Susan retuvo a Nat en sus brazos incapaz de ocultar su angustia. Estaba cansada de que los amigos y parientes le dijeran que debía dar gracias a Dios de que uno de los mellizos hubiese sobrevivido. ¿Acaso no comprendían que Peter estaba muerto, que había perdido a un hijo? Michael había confiado en que su esposa comenzaría a recuperarse de la pérdida en cuanto saliera del hospital y regresara a casa, pero no había sido así. Susan no dejaba de hablar de su otro hijo y tenía una foto de los dos niños en la mesilla de noche junto a su cama.

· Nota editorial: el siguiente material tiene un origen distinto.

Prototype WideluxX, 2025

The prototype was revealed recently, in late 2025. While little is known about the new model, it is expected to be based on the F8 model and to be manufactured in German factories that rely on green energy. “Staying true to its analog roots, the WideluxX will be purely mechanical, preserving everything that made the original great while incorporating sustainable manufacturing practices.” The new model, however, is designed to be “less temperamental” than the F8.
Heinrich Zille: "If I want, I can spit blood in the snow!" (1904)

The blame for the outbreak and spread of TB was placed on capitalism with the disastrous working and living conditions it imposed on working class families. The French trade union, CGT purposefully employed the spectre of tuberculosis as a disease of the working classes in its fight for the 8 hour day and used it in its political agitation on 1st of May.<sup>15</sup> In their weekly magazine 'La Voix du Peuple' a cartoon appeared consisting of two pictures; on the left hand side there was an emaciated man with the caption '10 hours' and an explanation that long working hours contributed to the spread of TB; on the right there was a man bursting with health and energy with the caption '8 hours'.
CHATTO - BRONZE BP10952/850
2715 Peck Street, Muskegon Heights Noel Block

La señorita Nichol observó la foto cuando fue publicada en el Hartford Courant. Se sintió más tranquila al ver que, si bien los dos chicos habían heredado la mandíbula cuadrada del padre, Andrew tenía los cabellos rubios rizados, mientras que los de Nathan eran lacios y comenzaban a oscurecerse. Pero fue Josiah Preston quien solucionó el problema, al comentar con harta frecuencia que su nieto había heredado su nariz y la despejada frente, rasgos tradicionales de todos los Preston. La niñera no se cansaba de repetir dichos comentarios a los aduladores parientes y serviles empleados, precedidos por las palabras: «El señor Preston a menudo señala…».

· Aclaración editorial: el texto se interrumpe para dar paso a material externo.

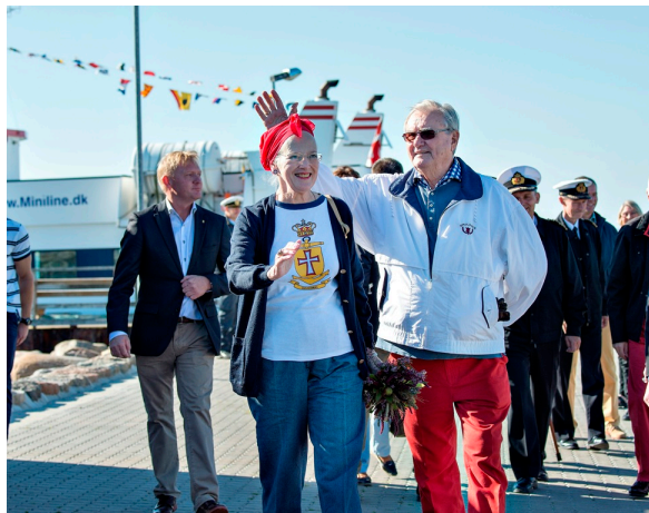
The Queen and The Prince Consort arrive at Livø Harbour.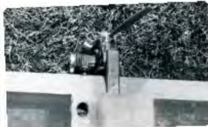
Note the exhaust pipe mount. You might think it burned the wing but it worked which allowed rear exhaust port engines to be used.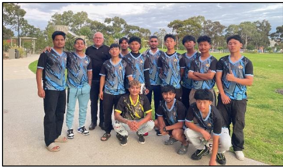
The Nepalese team were presented with guernseys provided by our club

Dos semanas después de regresar a su hogar, Ruth había vuelto a asumir la presidencia de la fundación y sin pérdida de tiempo hizo honor a la promesa de su marido de financiar la construcción de la nueva sala de maternidad del San Patricio.

Mientras tanto la señorita Nichol se hacía cargo de cualquier tarea, por insignificante que fuera, para permitir que Ruth continuara con sus actividades fuera de la casa mientras ella se hacía cargo de Andrew. Se convirtió en niñera, mentora, guardiana y gobernanta del chico, pero no pasaba ni un solo día sin experimentar el miedo de que la verdad acabara por descubrirse.